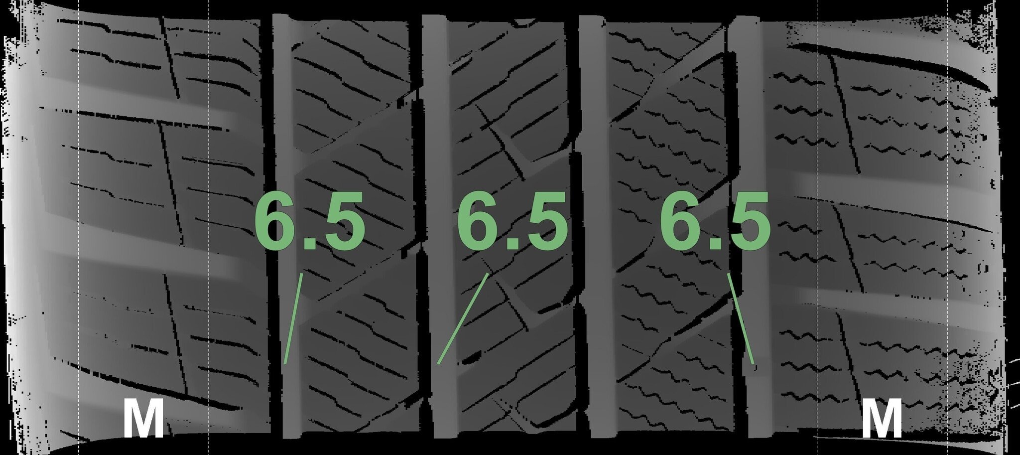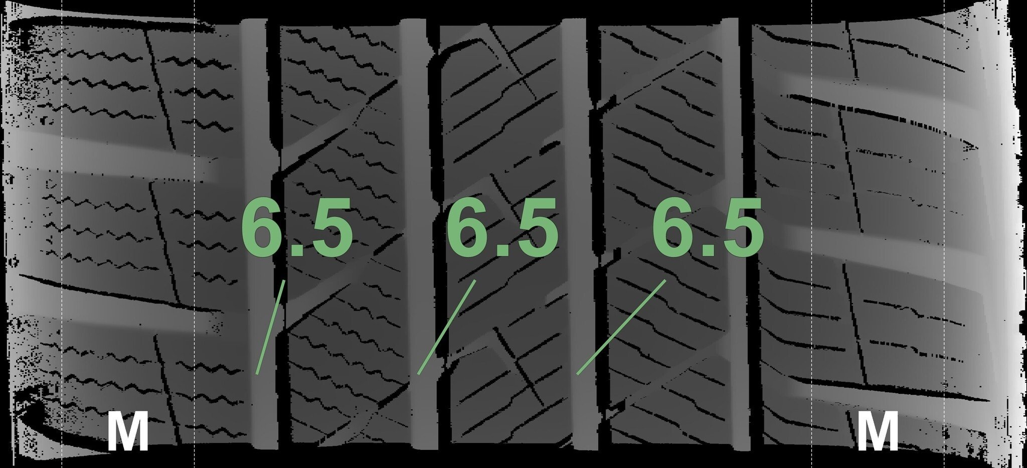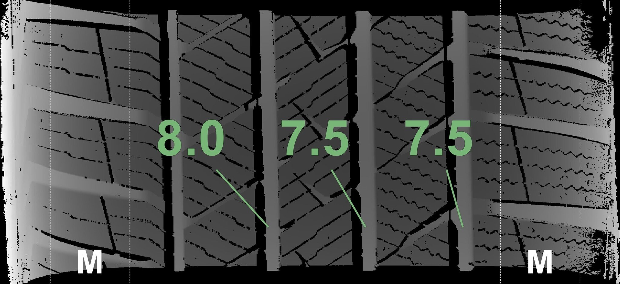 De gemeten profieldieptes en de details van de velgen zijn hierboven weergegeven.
::::
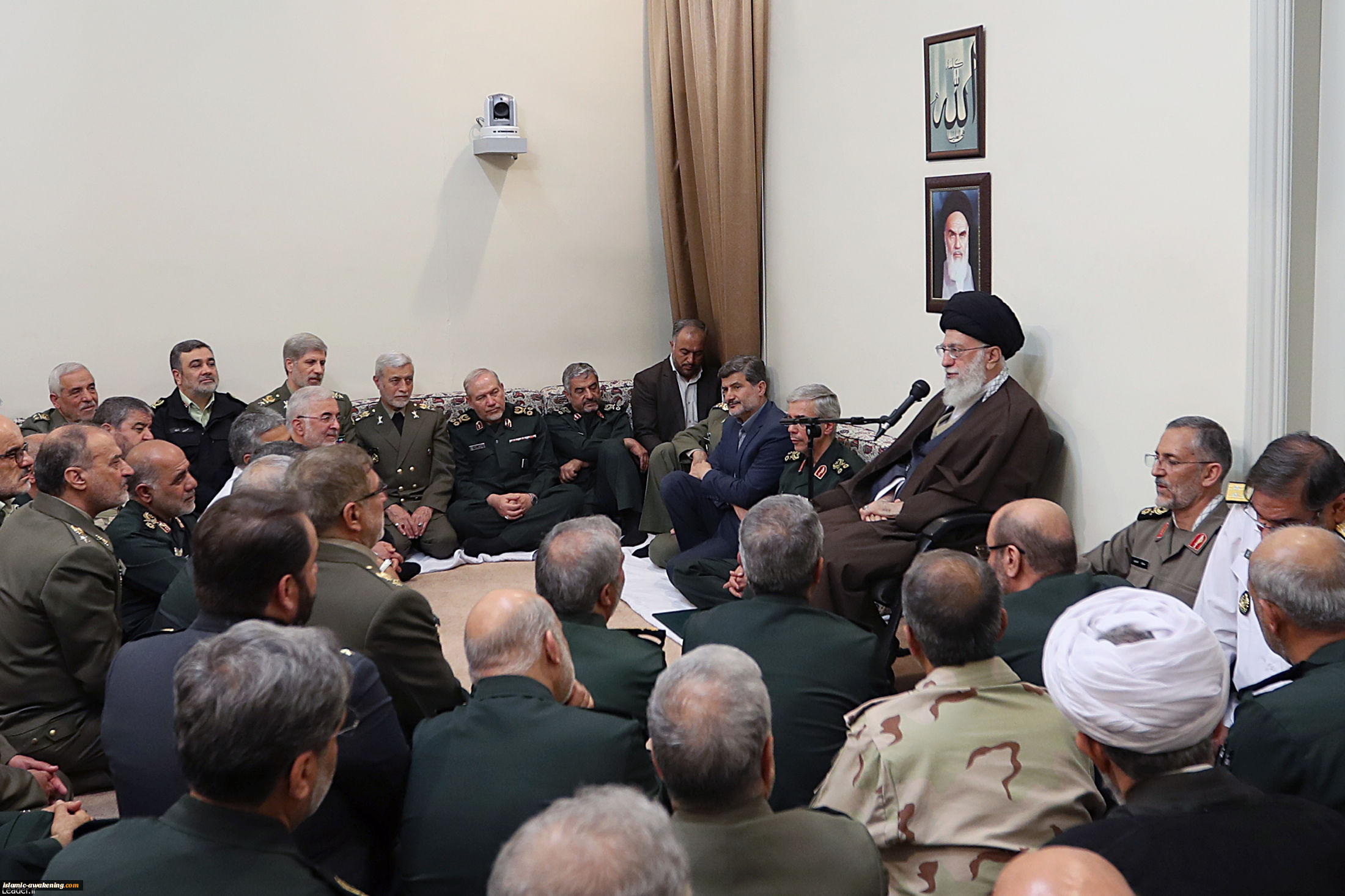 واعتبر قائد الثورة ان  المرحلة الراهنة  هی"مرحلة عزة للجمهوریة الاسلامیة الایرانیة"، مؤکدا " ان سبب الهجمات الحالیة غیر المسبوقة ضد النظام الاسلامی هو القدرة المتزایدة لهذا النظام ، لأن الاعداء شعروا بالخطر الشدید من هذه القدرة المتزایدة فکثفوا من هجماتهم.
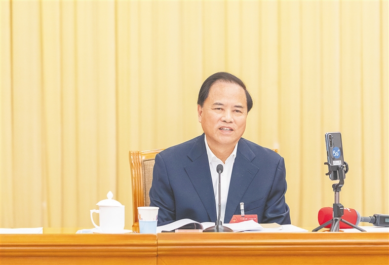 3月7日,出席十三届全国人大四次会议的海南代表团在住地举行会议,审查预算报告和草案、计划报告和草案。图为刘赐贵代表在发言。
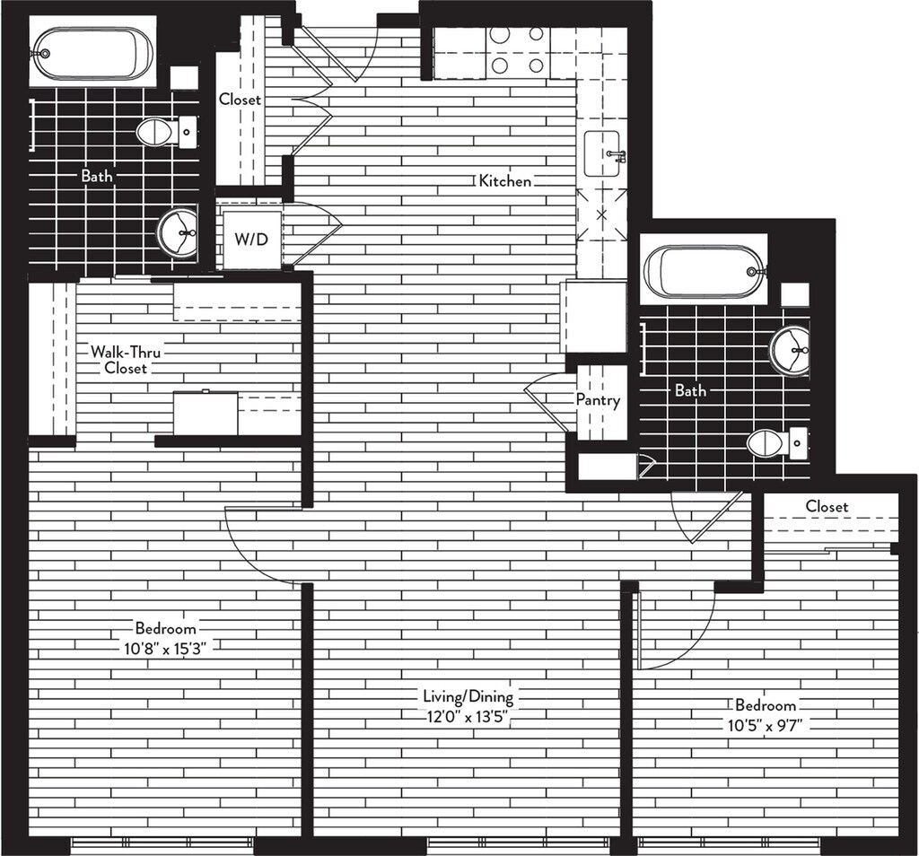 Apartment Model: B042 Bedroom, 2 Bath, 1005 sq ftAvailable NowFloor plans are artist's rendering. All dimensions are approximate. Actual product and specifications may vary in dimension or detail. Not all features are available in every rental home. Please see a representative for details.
::::
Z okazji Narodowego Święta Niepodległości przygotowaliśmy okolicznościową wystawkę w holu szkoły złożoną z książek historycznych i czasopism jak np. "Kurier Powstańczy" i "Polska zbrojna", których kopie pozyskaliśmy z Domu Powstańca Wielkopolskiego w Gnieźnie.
::::
▸ **Work item**
Copy word for word only the lines above from the one with "3月7日,出席十三届全国人大" through the one with "Apartment Model: B042". Leave pictures out.

▸ **Solution to this problem**
 3月7日,出席十三届全国人大四次会议的海南代表团在住地举行会议,审查预算报告和草案、计划报告和草案。图为刘赐贵代表在发言。
 Apartment Model: B042 Bedroom, 2 Bath, 1005 sq ftAvailable NowFloor plans are artist's rendering. All dimensions are approximate. Actual product and specifications may vary in dimension or detail. Not all features are available in every rental home. Please see a representative for details.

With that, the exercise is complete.